Alerting & Notifications

Provider Model

Alerts support:

  • EMAIL_PROVIDER=auto|ses|smtp
  • SES (Simple Email Service) is the preferred path
  • SMTP fallback exists for portability

Alert Semantics

  • Alert on partial_success and failed
  • Optional warning-only success alerts: ALERT_ON_WARNING=true
  • Optional success summaries: ALERT_ON_SUCCESS=true

This matters because “always email on success” can become noise; but “never email unless disaster” can hide slow degradation.

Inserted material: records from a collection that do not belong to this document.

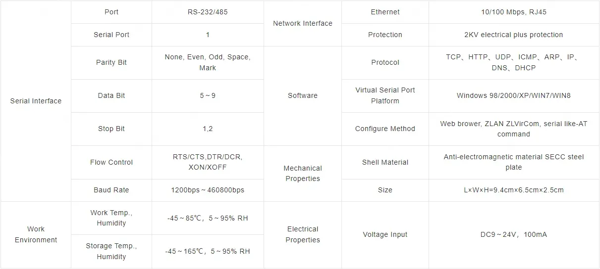 - 3) ZLAN5142 is the first type of full duplex, continuous, and low cost serial server in industry. It support simultaneously converting between Ethernet &Serial with large bulk of data with no pause, and also no data is lost.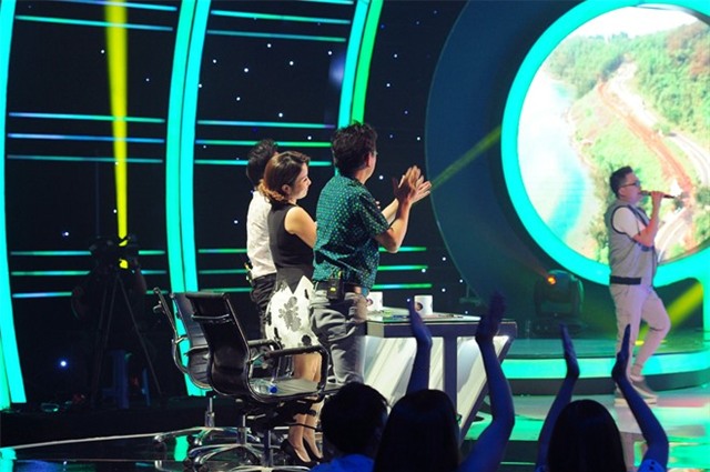 Giám khảo đứng bật dậy vì thích thú trước màn trình diễn của nữ ca sĩ trẻ. Ảnh: Lý Võ Phú Hưng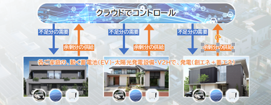 経済産業省が推進する、家で発電した電気を電気が⾜りない家庭に直接供給できるVPP(バーチャル・パワー・プラント)社会は、すぐそこまで迫っています。⼀⼾建てで電気を融通・有効活⽤し、スマートハウス1,000 棟分のネットワークで⼩型の⽔⼒発電所1基分を賄うことができます。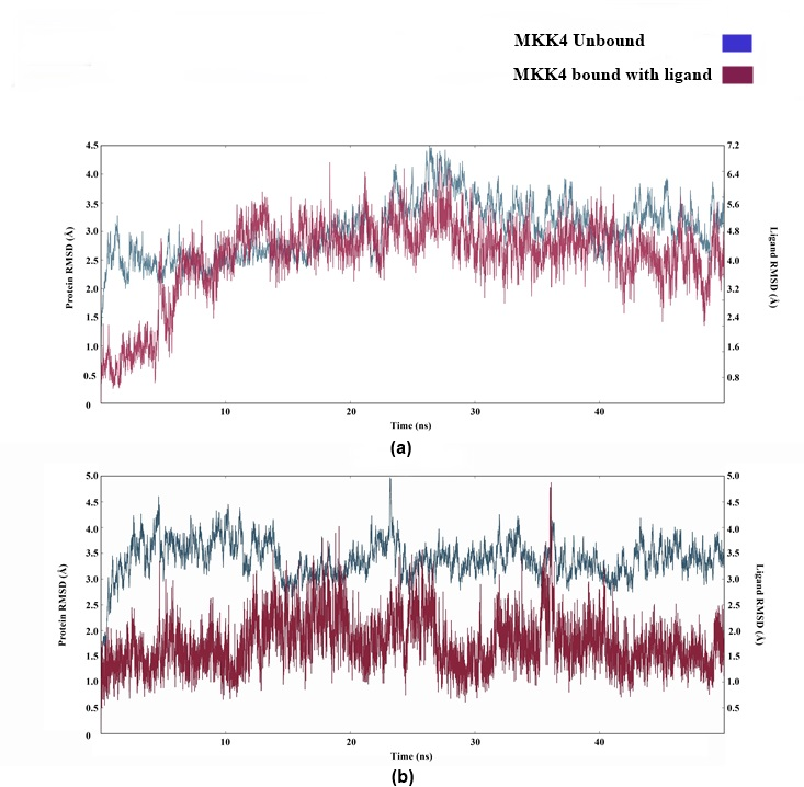 Fig. 4: Illustrating RMSD plot obtained from 50 ns MD simulation run. (a) RMSD plot of the MKK4-ZINC06091752 system (magenta), and MKK4 without ligand (blue). (b) RMSD plot of the MKK4-ZINC00391412 system (magenta), and MKK4 without ligand (blue). X and Y axes represent time (ns), and root means square deviation (RMSD), respectively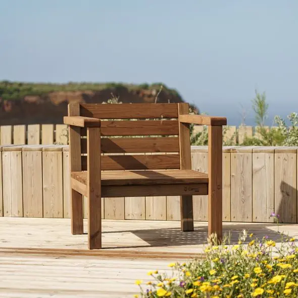 Graças à robustez da madeira tratada, de origem sustentável, este mobiliário de jardim promete durabilidade, mesmo sendo deixado no exterior todo o ano e exposto às alterações climáticas. Só a CarmoForm dá 20 anos de garantia contra o apodrecimento precoce da madeira.

The config lets you choose.

Transport hardening

  • SES requires credential and identity validation
  • SMTP security modes: starttls, ssl, none
  • Logging explicitly avoids credential material

HERE

Operations

Daily Run Commands

I like a small CLI surface area with obvious intent:

  • Standard daily run
    python -m openai_billing_etl run

  • One-day manual rerun
    python -m openai_billing_etl run --start 2026-02-18 --end 2026-02-19

  • Backfill
    python -m openai_billing_etl backfill --days 90

  • Dry-run (no writes)
    python -m openai_billing_etl run --dry-run

  • Endpoint isolation
    python -m openai_billing_etl run --only usage/completions

(These commands are intentionally “operator-shaped”; you don’t want someone editing code to rerun a day.)

Windows Scheduler Integration

The scheduler wrapper does a few boring-but-critical things:

  • activates the virtual environment
  • validates required environment variables
  • executes ETL
  • writes timestamped logs to disk
  • returns meaningful exit codes
  • enforces single-instance execution

Operator Checks

  • Verify latest run status (vw_last_etl_run)
  • Verify daily volume patterns (vw_ingestion_daily_summary)
  • Verify alert channel health
  • Spot-check costs for anomalies

Data Quality Systems

SQL Validation

Typical validations include:

  • latest run status query
  • daily endpoint volume checks
  • duplicate fingerprint checks
  • null bucket checks
  • watermark freshness
  • currency consistency
  • raw retention age check

Embedded Validation During ETL

During transforms/upserts:

  • zero-row windows and integrity anomalies raise warnings
  • warning-only runs can optionally alert (configurable)

The goal is “detect surprises early.”